## Given information
======

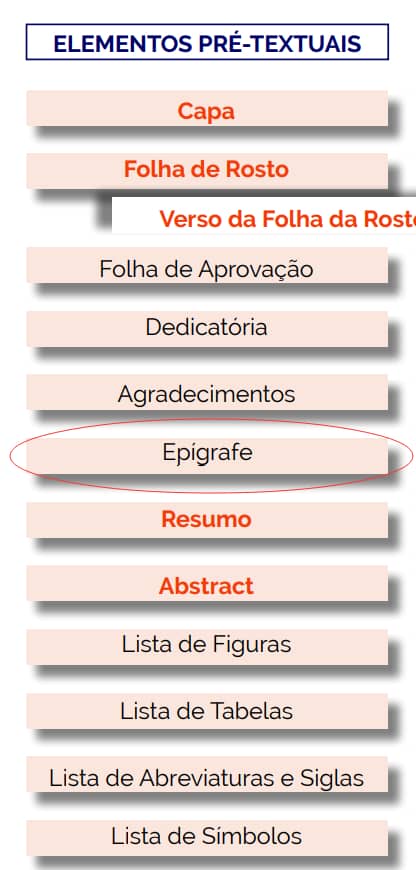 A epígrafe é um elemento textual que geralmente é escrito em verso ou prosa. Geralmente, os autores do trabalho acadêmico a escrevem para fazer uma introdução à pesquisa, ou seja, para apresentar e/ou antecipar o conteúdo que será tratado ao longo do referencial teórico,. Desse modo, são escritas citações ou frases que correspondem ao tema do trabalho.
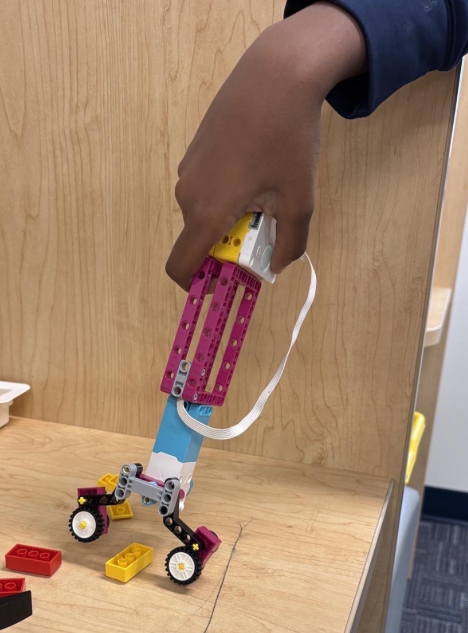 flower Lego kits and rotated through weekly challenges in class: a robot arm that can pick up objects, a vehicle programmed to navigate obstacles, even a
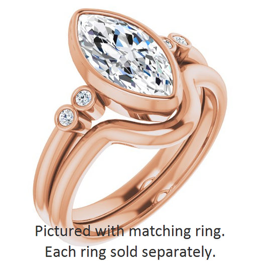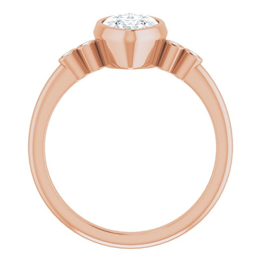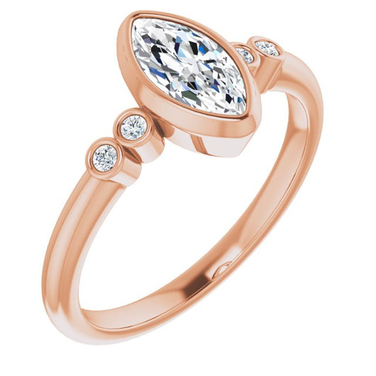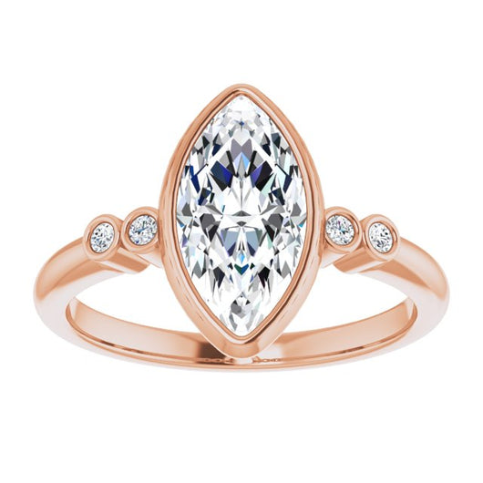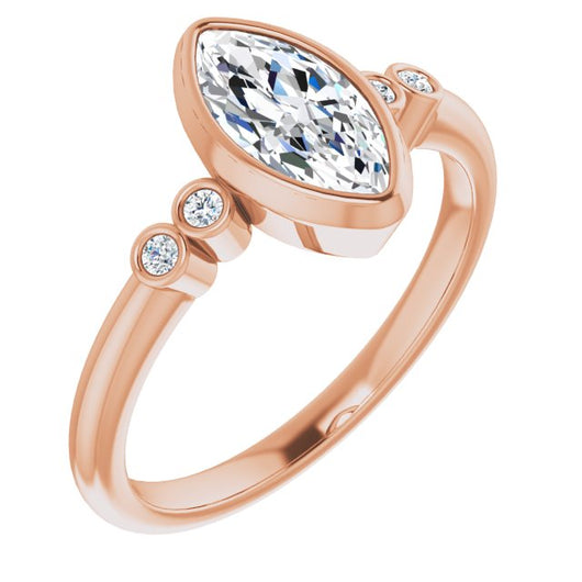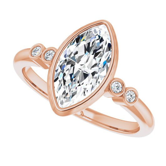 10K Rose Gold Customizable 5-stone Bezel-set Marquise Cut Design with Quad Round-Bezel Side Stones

======

Every line from the one with "flower Lego kits" through the last line of the material gets printed exactly, and nothing more. Omit the pictures.

 flower Lego kits and rotated through weekly challenges in class: a robot arm that can pick up objects, a vehicle programmed to navigate obstacles, even a
 10K Rose Gold Customizable 5-stone Bezel-set Marquise Cut Design with Quad Round-Bezel Side Stones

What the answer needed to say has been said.